Nonostante gli impegni dello stesso Bergoglio, siamo molto lontani dall’automatismo per cui qualsiasi caso di pedofilia che riguarda preti o intere comunità sia immediatamente denunciato alle istituzioni della Repubblica. Ci sono soluzioni ‘interne’, a volte, con cui si intende risolvere il problema. O allontanarlo dai riflettori e dalle sanzioni previste per chi viola i bambini. C’è una generale banalizzazione di questioni e vicende di estrema gravità. Ci sono casi disumani, che passano sotto silenzio. E sotto silenzio passano anche perché i media faticano a parlarne, in ragione di chissà quale paura, di fronte a ciò che fa più paura di qualsiasi altra cosa. La violenza sui bambini, le molestie, le sevizie.

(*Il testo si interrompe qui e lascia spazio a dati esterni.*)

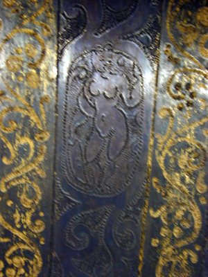 - 1 st Harnesk (på ena handsken felar några fingrar) med utstuckit arbete och förgylte ränder; best. af Cascquette, ringkrage, armskenor, bröst och ryggstycke, lår skenor och ett par handskar. komit ifrån Påhlen.

È abbastanza triste rilevare che c’è praticamente un solo giornalista che ne scrive, in tutta Italia. Che nessun gruppo politico se ne faccia carico. Che nessuno intenda ragionare sulla modifica che abbiamo chiesto alla norma concordataria, per rendere più forte la collaborazione tra la Chiesa e la Repubblica italiana nell’affrontare casi simili.
In altri paesi ciò è diventato un tema mainstream. Qui da noi, invece, non si fa luce, si fa ombra. E si parla di Ratisbona: l’importante è che non sia in Italia.
Vogliamo vivere in un paese in cui le istituzioni, laiche e religiose, la stampa, la società civile stringano un’alleanza indissolubile contro gli abusi agiti nei confronti dei bambini.
Ci speriamo ancora, laicamente. E ostinatamente chiediamo che la nostra mozione sia discussa.